Laboratórios dentários de artistas contacto e percurso do processo de julgamento já separa o interesse do produto, a preferência de material e o tipo de caso, incluindo facetas, zircónio, dissilicato de lítio, casos estéticos anteriores, restaurações de arcada completa e próteses suportadas por implantes. Essa estrutura é útil porque o planeamento de facetas de mordida profunda nunca deve ser reduzido a “enviar sombra A1 e torná-la natural”. (Título do sítio)

As facetas dentárias podem, por vezes, ser utilizadas em casos de mordida profunda, mas a colocação direta é normalmente arriscada, a menos que o dentista confirme uma oclusão estável, espaço de restauração adequado, suporte de esmalte, ausência de bruxismo descontrolado e um plano de orientação anterior claro antes de iniciar a preparação, a colagem ou o fabrico de cerâmica.
Em termos práticos, as facetas de mordida profunda devem ser tratadas como restaurações funcionais, e não como simples conchas cosméticas. Se os incisivos inferiores estiverem a atingir a cerâmica incisal planeada, o caso necessita de planeamento ortodôntico, oclusal ou bucal completo antes de ser feita a porcelana final.
As facetas são adequadas para a mordida de borda a borda apenas em casos cuidadosamente selecionados em que o risco de colisão incisal tenha sido redesenhado ou controlado através de ortodontia, maquetas aditivas, ajuste oclusal, testes provisórios ou um plano de restauração que evite o impacto direto da cerâmica com o dente durante a função.
Uma verdadeira mordida de bordo a bordo dá ao revestimento muito pouca tolerância mecânica. Se o paciente morder diretamente a borda incisal, mesmo as excelentes cerâmicas e protocolos de ligação podem falhar mais cedo do que o esperado.
As facetas podem melhorar a forma, o comprimento, a cor e a aparência do alinhamento dos dentes, bem como os bordos incisais desgastados, mas não corrigem verdadeiramente os problemas esqueléticos da mordida, a sobremordida profunda grave, as relações entre os maxilares ou os hábitos parafuncionais activos, a não ser que façam parte de um plano de tratamento ortodôntico ou de restauração mais vasto.
É aqui que os doentes são induzidos em erro. Uma faceta pode camuflar um sintoma. Não pode, por si só, fazer desaparecer um padrão oclusal prejudicial.
O melhor material de faceta para casos de mordida profunda é o material que corresponde ao risco funcional, esmalte remanescente, espessura da cerâmica, objetivo estético, condição de ligação e esquema oclusal; o dissilicato de lítio é frequentemente prático, o feldspático é seletivo e a zircónia pode ser considerada quando a resistência à fratura é mais importante.
Eu não escolheria o material a partir de um menu. Escolheria a partir de registos: fotografias, dados de digitalização, marcas de mordida, notas de orientação, cor do coto, redução e história parafuncional do paciente.

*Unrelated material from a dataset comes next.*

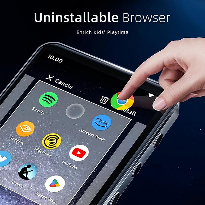 - 【Friendly MP3 Player】Bluetooth MP3 player offers the flexibility to install new apps and update existing ones to the latest version at any time. Its parental control feature ensures that children can only download apps with explicit authorization, providing a secure environment. Additionally, you can easily remove unnecessary apps to save memory and enhance device performance.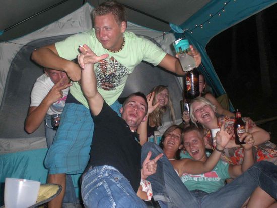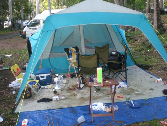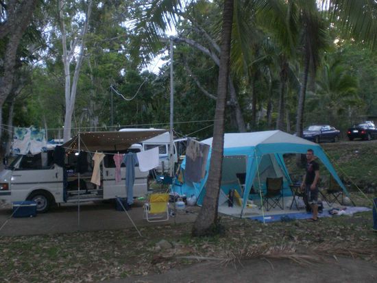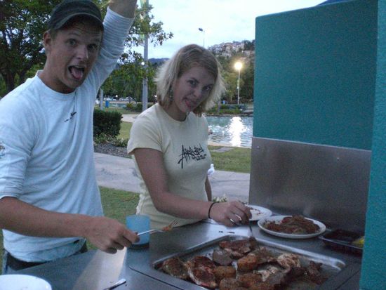 Sylvester stellte sich als erstes kleines Problem auf unserer Reise da. Alle Hostels waren in Airlie Beach und Umgebung über New Year ausgebucht, weil viele Australier auch aus großen Städten wie Brisbane oder auch Sydney in den kleinen Küstenort kamen um dort mal richtig zu feiern. Zum Glück haben wir Gerald aus Wien kennengelernt, der dann auch so nett war und uns sein Zelt für den Jahreswechsel geliehen hat. Ein paar Tage zuvor haben wir noch nen paar Jungs aus Hildesheim kennengelernt, die mit nem Campervan unterwegs sind und direkt neben unserem Hostel ihre Zelte auf dem Campingplätze aufgeschlagen haben. Also kurz nachgefragt ob es Okay wäre und schon stand das Zelt am 31.12.2007. Mit den Jungs haben wir dann auch Sylvester gefeiert, indem wir erst bei Ihnen vorm Zelt nen bischen was tranken und dann mit allen um kurz vor 12 zur Lagune gegangen sind um das Feuerweg zu begutachten. Als wir dann spät nachts heimkamen, war es am regnen und zu unserem Glück ist das Oberdach von unserem Zelt weggeflogen, so dass das ganze Zelt unter Wasser stand. Besseren Start gibts wahrscheinlich garnicht Ich hab dann noch nen bischen länger gemacht und dann einfach morgens mit meinem Handtuch zur Lagune gegangen um dort noch ein wenig Schlaf zu kriegen. Tim hatte etwas mehr Glück und hat einen Unterschlupf bei nem Typen aus Sydney und nem Model aus Holland in ihrem Campervan gekriegt .. War aber alles halb so schlimm und am nächsten Tag haben wir nochmal im Zelt gepennt, diesmal ohne irgendwelche Pannen Wurde jedenfalls erstmal etwas Geld gespart und im Zelt zu schlafen ist auch garnichtmal das schlechteste.

Os pacientes com bruxismo necessitam frequentemente de uma tala oclusal protetora após as facetas, porque o ranger noturno pode aumentar o risco de fratura, descolagem e fadiga da cerâmica, especialmente em casos de mordida profunda ou de borda a borda, em que os dentes anteriores já suportam uma carga funcional concentrada.
A tala não é um escudo mágico, mas os números são difíceis de ignorar. No estudo de 8 anos sobre facetas feldspáticas, os pacientes com bruxismo que usaram talas tiveram uma sobrevivência muito melhor do que aqueles que não usaram.

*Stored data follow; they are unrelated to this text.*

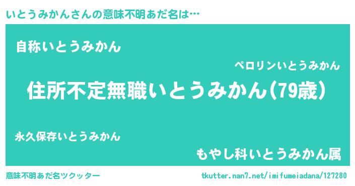| 女子向けラノベタイトル風あだ名 | 『乙女ゲームの破滅フラグしかない悪役いとうみかんに転生してしまった…』 |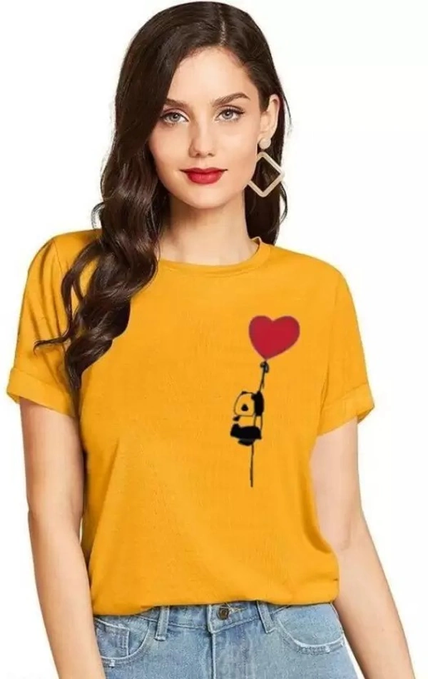 Women Printed Round Neck Pure Cotton Yellow T-Shirt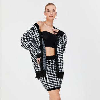 Mùa Thu Mới Thời Trang Của Phụ Nữ Dài Tay Lỏng Lẻo Sọc Ca rô Đan Áo Len Áo Khoác & Váy Thanh Lịch & Giản Dị In Trang Trí
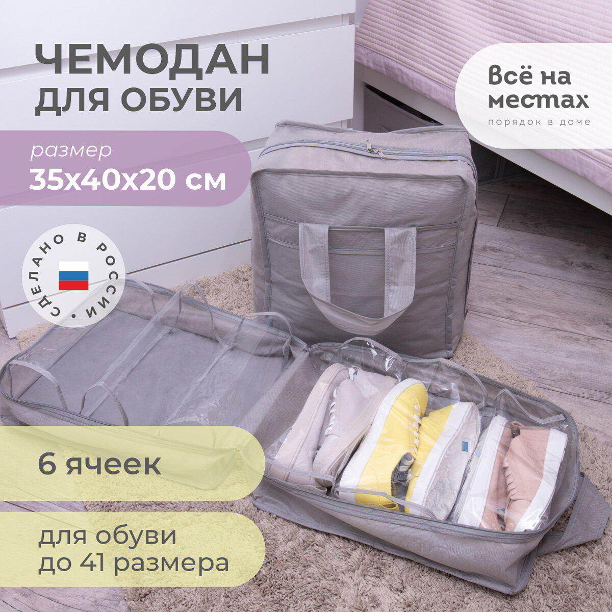 всё на местах Всё на местах Чемодан для обуви Милан, 6 ячеек, 35х40х20 см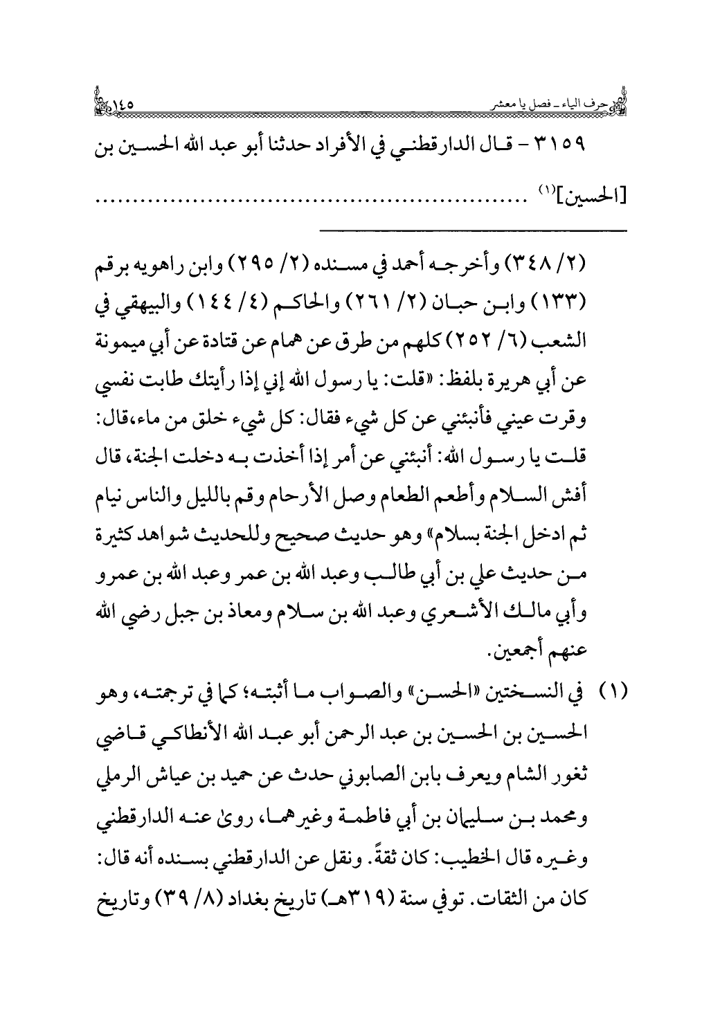٣١٥٩ - قال الدارقطني في الأفراد حدثنا أبو عبد الله الحسين بن [الحسين] (¬١). . . . . . .

Se estiver a planear facetas dentárias para uma mordida profunda ou um caso de mordida de borda a borda, não comece com a seleção da cor. Comece com o mapa de colisão.
Enviar a mordidela ao laboratório. Enviar as fotografias. Enviar a sombra do coto. Enviar o scan oposto. Enviar as notas funcionais. Em seguida, decidir se o caso pertence ao E.max, E.max estratificado, feldspático, zircónio, ortodontia primeiro, ou reabilitação total da boca.

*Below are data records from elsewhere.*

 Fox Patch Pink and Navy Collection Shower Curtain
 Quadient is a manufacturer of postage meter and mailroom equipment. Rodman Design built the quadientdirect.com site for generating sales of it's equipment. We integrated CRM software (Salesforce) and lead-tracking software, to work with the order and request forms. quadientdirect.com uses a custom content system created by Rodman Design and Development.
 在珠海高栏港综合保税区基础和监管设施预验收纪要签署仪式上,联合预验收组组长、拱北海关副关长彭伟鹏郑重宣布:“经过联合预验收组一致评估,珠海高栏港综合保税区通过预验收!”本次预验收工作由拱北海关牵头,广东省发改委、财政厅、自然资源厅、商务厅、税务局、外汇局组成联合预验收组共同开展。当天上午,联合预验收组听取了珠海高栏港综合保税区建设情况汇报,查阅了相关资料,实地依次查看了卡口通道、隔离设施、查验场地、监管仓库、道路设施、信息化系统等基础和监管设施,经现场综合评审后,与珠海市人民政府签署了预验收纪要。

Se pretender uma recomendação de material do lado do laboratório antes de o caso se tornar um remake dispendioso, envie o caso através de Página de contacto do Artist Dental Lab com ficheiros STL, fotografias completas, notas oclusais, histórico de parafunções e o plano de colagem pretendido. É assim que os casos de facetas deixam de ser palpites cosméticos e começam a tornar-se uma medicina dentária defensável.